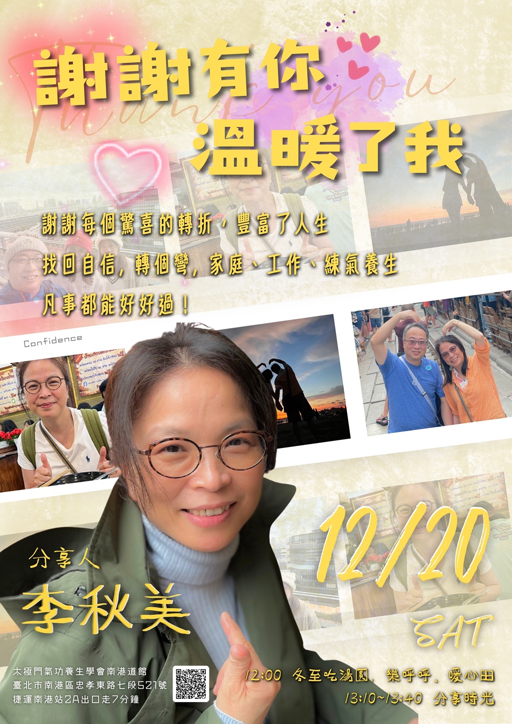 2025-12-20 13:10~13:40 南港道館 (主講人:李秋美)謝謝每個驚喜的轉折,豐富了人生。找回自信,轉個彎,家庭、工作、練氣養生凡事都能好好過!
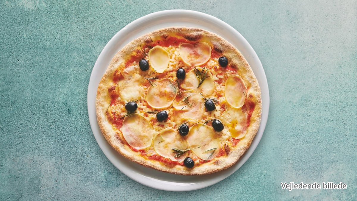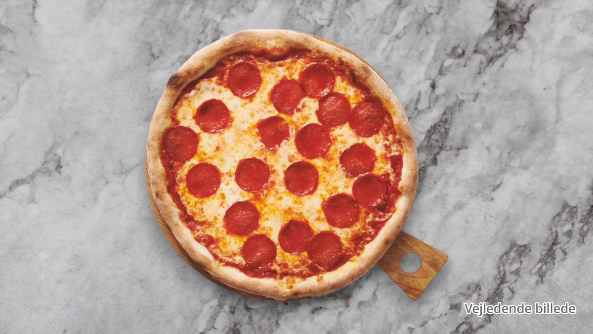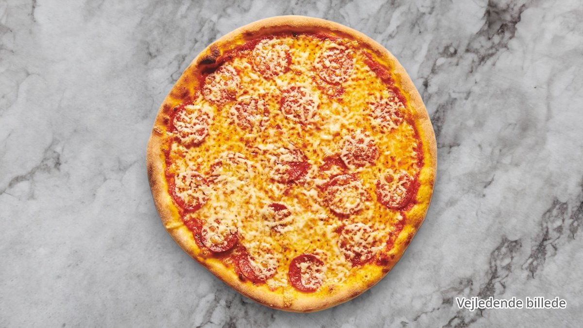 Tomat, ost, stærk salami, flæskesvær, sort oliven.
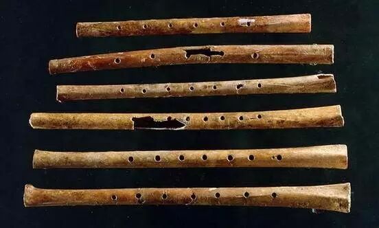 贾湖骨笛出土于河南省舞阳县贾湖裴李岗文化遗址,是我国目前出土的年代最早的乐器实物,约已有八、九千年的悠久历史。这些骨笛以鹤类尺骨制作而成,并且已经具备了四声、五声、六声和七声音阶。贾湖骨笛的出土,改写了由文献记载的五千年的中华文明史。
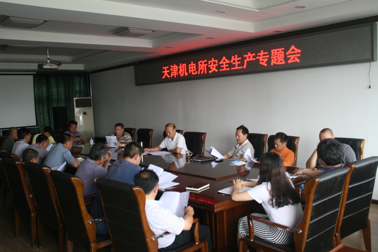 2014年8月5日下午4:00我所在三楼会议室于召开安全生产专题会议,安委会成员、副处级以上干部和部分管理人员参加,会议由办公室主任主持。
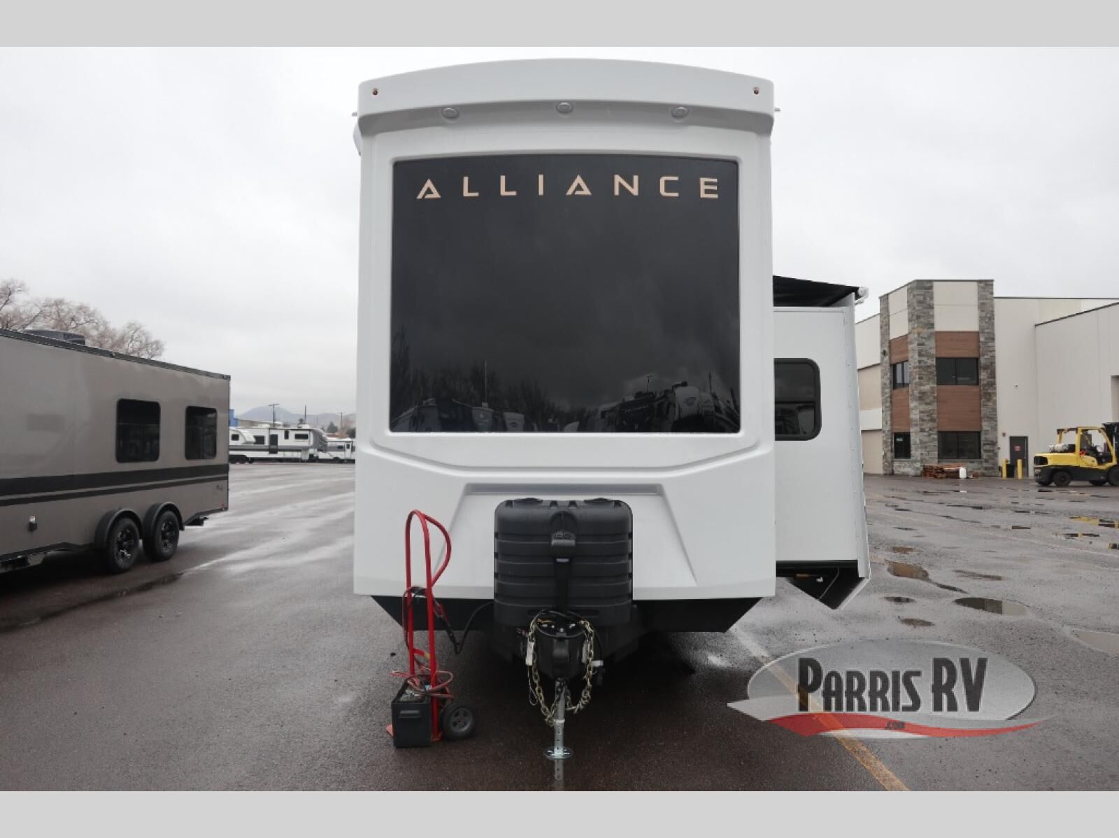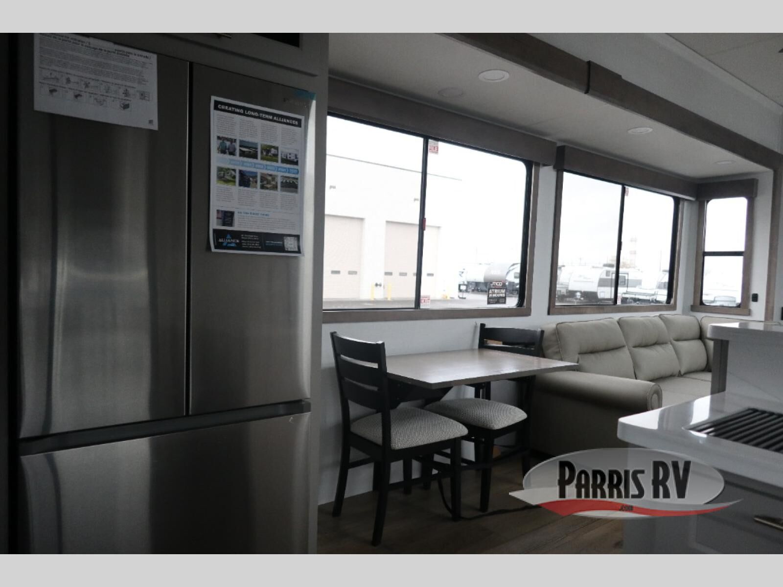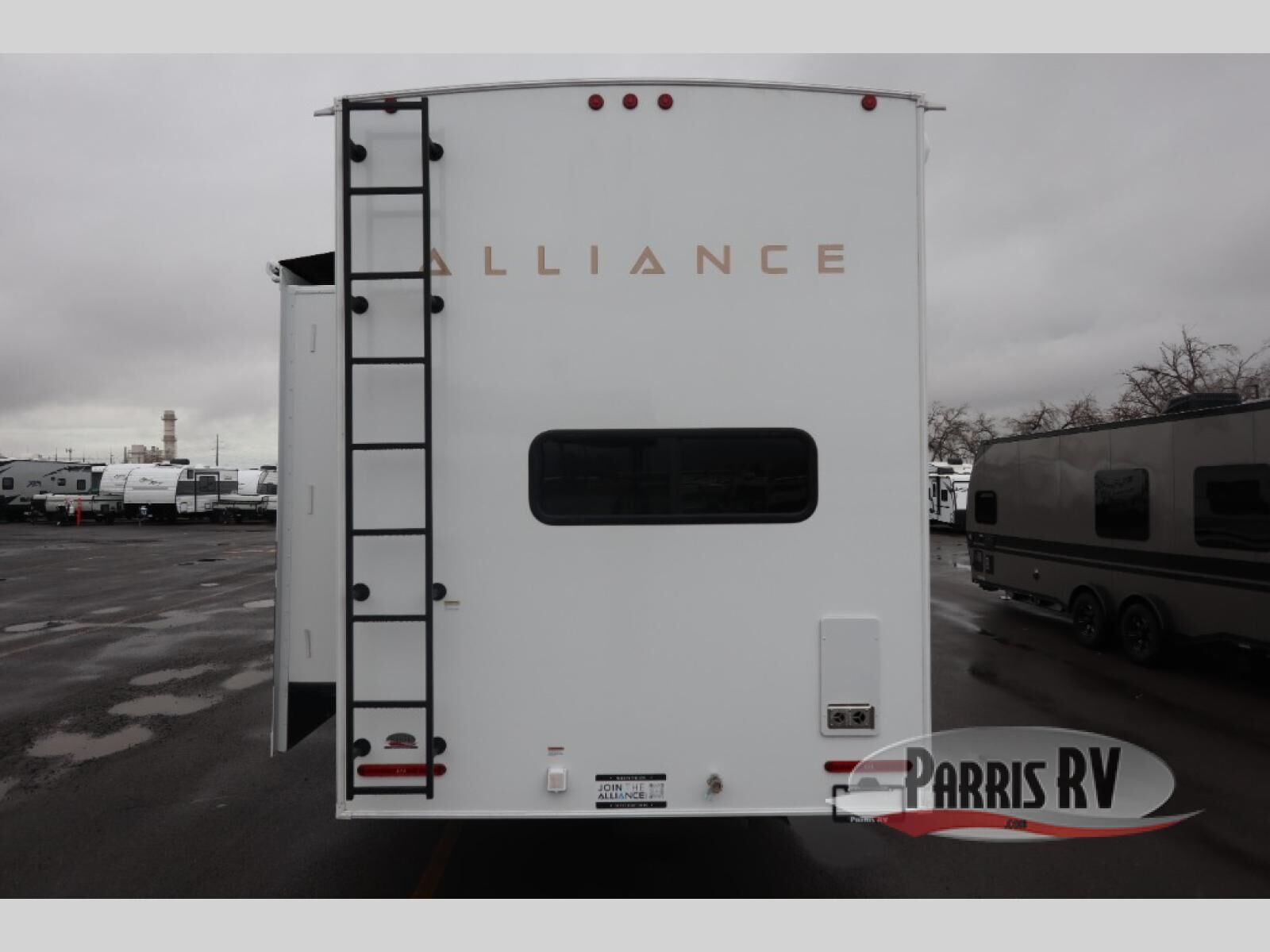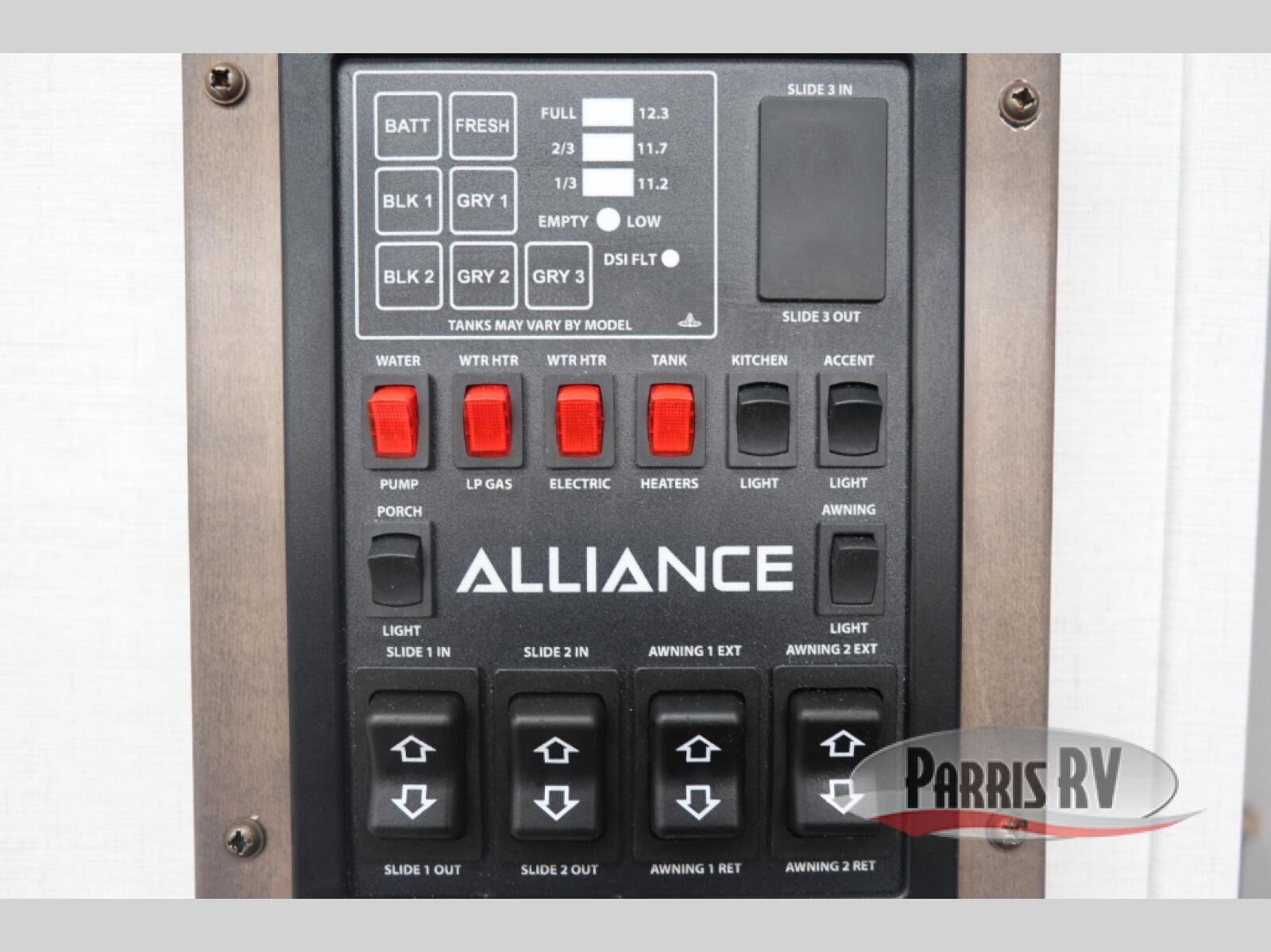 With any Benchmark destination trailer by Alliance RV, you will enjoy luxury features at every turn! The high gloss fiberglass exterior is ultra sleek, and the Azdel composite fiberglass sidewalls add durability so you can camp for years to come. You'll also find a residential exterior garden hose connection outside, along with a powder coated aluminum rear ladder, and an auxiliary LP tank hook up if you want to bring your grill along. Head inside to find hardwood cabinetry, solid surface countertops throughout, oversized windows in all rooms, and MCD roller shades throughout. The 45,000 BTU A/C and 60,000 BTU furnace will keep you comfortable year around, and there is a stackable washer and dryer to make full-time RV living easier than ever!
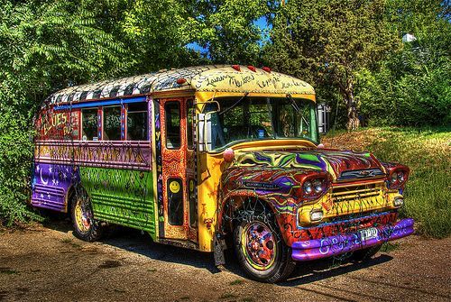 Stepping out of the bus with a thick rope tied around the neck of a golden-colored pit bull was a short man about five feet tall. His dark sunglasses prevented anyone from seeing his eyes, which, based on the colors of the bus, were dilated from L.S.D., mushrooms, or some other kind of hallucinogen.
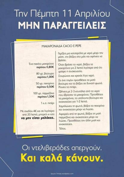 Οι διανομείς σε όλη την Ελλάδα ζητούν μάλιστα τη στήριξη και την κατανόηση όλων καλώντας τους να μην παραγγείλουν στις 11 Απριλίου φαγητό, καφέ κτλ. Εξαιρετικό δε ότι ακόμη και την ημέρα απεργίας φροντίζουν να μην μείνουν νηστικοί οι «πελάτες» τους και τους προτείνουν λύση.
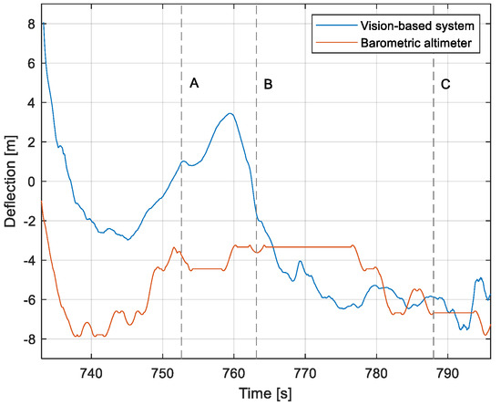 Linear lateral deflection from the center line: Flight no. 3 (markers A–C correspond to the moment of recording the images in Figure 13.
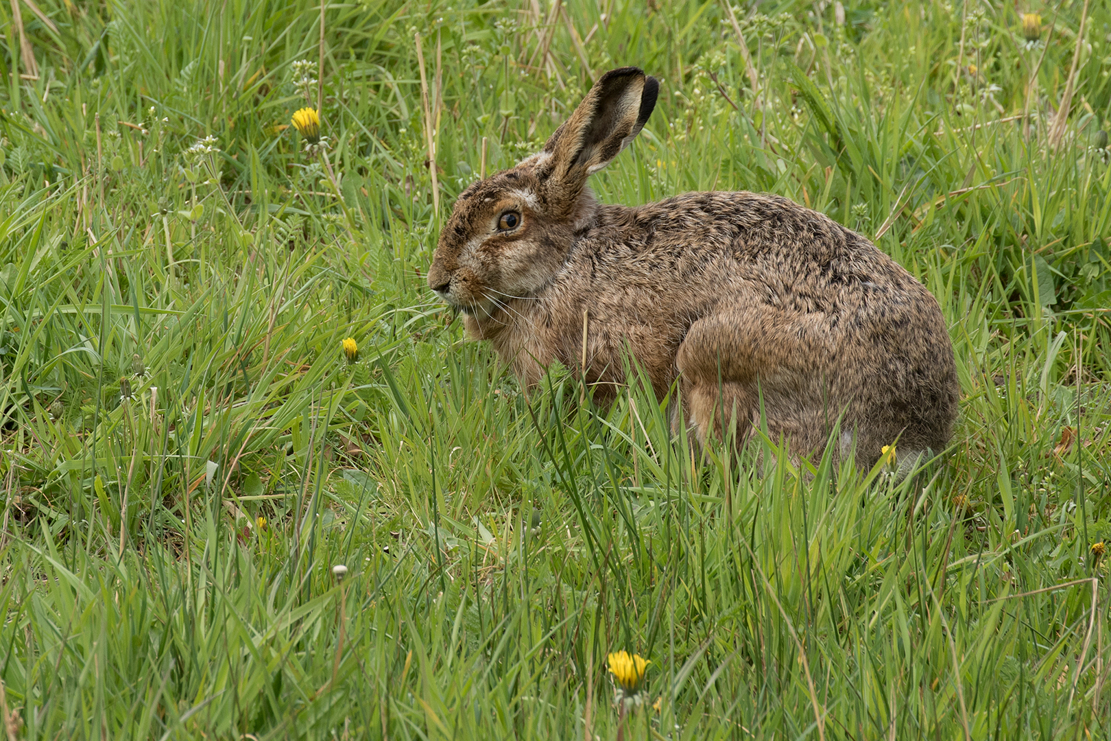 Haas fouragerend – Lepus europeus – European hare (a)
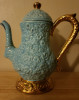 White and turquoise ceramic vase, diamond shaped on pedestal
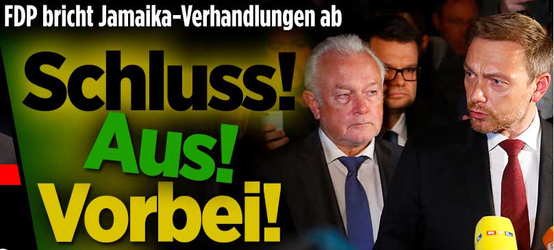 wärend im Saal die Verhandlungspartner an den Bildschirmen mit einem Einigungspapier in der Hand sitzen, verkündet Chr. L. /FDP draussen den Abbruch der Verhandlungen.
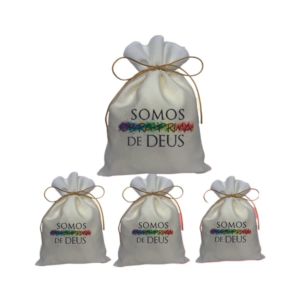 Saquinho personalizado em tecido Oxford – modelo Somos Obra Prima.
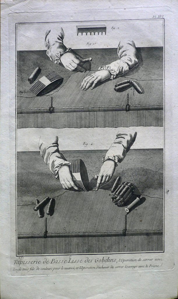 Sono rappresentati in successione i passaggi per la realizzazione della trama. Ogni figura è connotata da: “fig.”; ogni parte da lettere. Filigrana: BEINETTE. E’ presente numerazione della stampa: Pl.XVI.-251; in alto, a sinistra, in matita: 50/12 e 15 (cerchiato); timbro Collezione Piero Malossi.
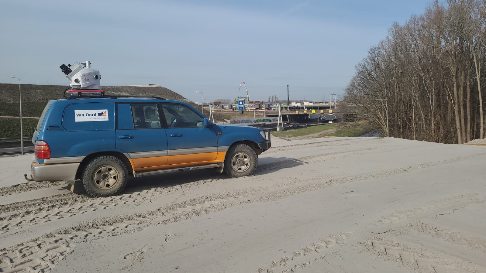 Naast maritieme projecten doet Van Oord ook steeds meer projecten op het land, waar de Leica Pegasus ook van onschatbare waarde is geworden. Onlangs werd het gebruikt in een snelwegbouwproject voor de wekelijkse voortgangscontrole van de grondverzetwerkzaamheden. In dit project is de Leica Pegasus gebruikt voor het meten van 1.100 zettingsbakens. De VOSS-software filtert de waterpasstaaf uit de puntenwolk en berekent automatisch de vervorming. Koman: "Elke twee weken hebben we een bijgewerkt beeld van de voortgang van ons project. Met de Jetstream viewer kunnen we dit aan de betrokkenen laten zien. Het is cool dat we deze gegevens online kunnen delen met iedereen die thuis werkt."

▸ TASK PROMPT
Nothing but an exact copy belongs in the answer: the lines from the top of the records through the line containing "2014年8月5日下午4:0", minus the pictures.

▸ SOLUTION BELOW
 2025-12-20 13:10~13:40 南港道館 (主講人:李秋美)謝謝每個驚喜的轉折,豐富了人生。找回自信,轉個彎,家庭、工作、練氣養生凡事都能好好過!
 Tomat, ost, stærk salami, flæskesvær, sort oliven.
 贾湖骨笛出土于河南省舞阳县贾湖裴李岗文化遗址,是我国目前出土的年代最早的乐器实物,约已有八、九千年的悠久历史。这些骨笛以鹤类尺骨制作而成,并且已经具备了四声、五声、六声和七声音阶。贾湖骨笛的出土,改写了由文献记载的五千年的中华文明史。
 2014年8月5日下午4:00我所在三楼会议室于召开安全生产专题会议,安委会成员、副处级以上干部和部分管理人员参加,会议由办公室主任主持。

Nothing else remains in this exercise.